LD 278, “An Act Regarding Pay Equality” amends the Maine Human Rights Act to add 26 MRSA §628-A, making it unlawful to seek or rely upon compensation history during the hiring process. Like other comparable state and local laws, the Maine legislation prohibits salary history inquiries “unless an offer of employment that includes all terms of compensation has been negotiated.” The new statute explains that an employer may not elicit such information either from a prospective employee, or from a prospective employee’s current or former employer. After extending an offer of employment including compensation, an employer may inquire into or verify an individual’s prior wages. Similar to other salary history bans, Maine’s new law exempts from this prohibition salary history information sought “pursuant to any federal or state law that specifically requires the disclosure or verification of compensation history for employment purposes.”
The Act also adds 5 MRSA §4577, which provides that it will be considered evidence of discrimination under the Maine Human Rights Act and the Maine Equal Pay Law to inquire, “either directly or indirectly, about the compensation history of a prospective employee from the prospective employee or a current or former employer of the prospective employee or otherwise seeking the compensation history of a prospective employee.”
Importantly, there is an exception to this provision that allows employers to confirm compensation history when that information is voluntarily disclosed, and without prompting, by the candidate. In what seems to be an ambiguity in the law, however, the Maine legislature did not carry this same voluntary disclosure exception into the amendment to the Maine Human Rights Law. This failure to use the same language in both newly enacted provisions leaves employers with questions about how they can utilize salary history information that was voluntarily disclosed. In other words, although it is clear that it will not be considered evidence of unlawful discrimination to verify voluntarily disclosed compensation history information, it is less clear as to whether that information can be relied upon in determining compensation before an offer has been made to a prospective hire.

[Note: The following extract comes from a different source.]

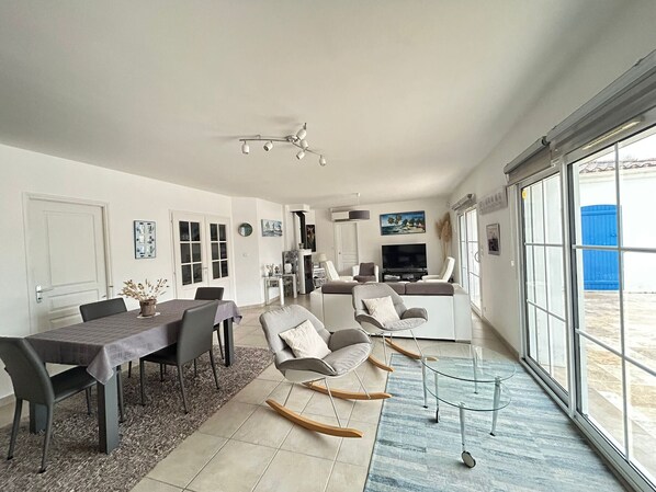 - ENTRANCE: furniture - wardrobe -- - LIVING ROOM: access to large terrace and swimming pool - table - chairs - flat-screen orange TV - sofa - armchairs - furniture - coffee table -- - FULLY EQUIPPED KITCHEN: sink - American-style fridge/freezer - 4 induction hobs - oven - microwave - dishwasher - cupboards - table - chairs - filter coffee maker -- BEDROOM 1 (master suite): access to terrace - 1 double bed (160cm) - bedside tables + lamps - flat-screen TV - chest of drawers - wardrobe -- BATHROOM: double vanity unit - walk-in shower -- - BEDROOM 2: 1 double bed (160cm) - bedside tables + lamps - wardrobe -- BEDROOM 3: 1 double bed (160cm) - bedside tables + lamps - wardrobe -- BATHROOM: double vanity unit - corner bath - toilet -- - WC Separate -- - CELLAR: washing machine/dryer -- - CARPORT -- - garden furniture - outdoor lounge - deckchairs - parasols - charcoal barbecue -- - NO PETS ALLOWED

Incorporating the penalties provision from other sections of the Maine Human Rights Act, the new act provides for fines ranging between $100 and $500 for each violation of the statute and exposing employers to civil actions by individuals and the Maine Department of Labor. The law becomes effective ninety days after the conclusion of Maine’s 129th legislative session, which is projected for September 17, 2019.
Maine’s new legislation serves as a reminder to employers that the national equal pay wave is still cresting. With over one-fifth of the U.S. population now falling under the ambit of one or more compensation history prohibitions, employers, and particularly multi-jurisdictional employers, should continue to assess and reevaluate their recruiting and hiring practices.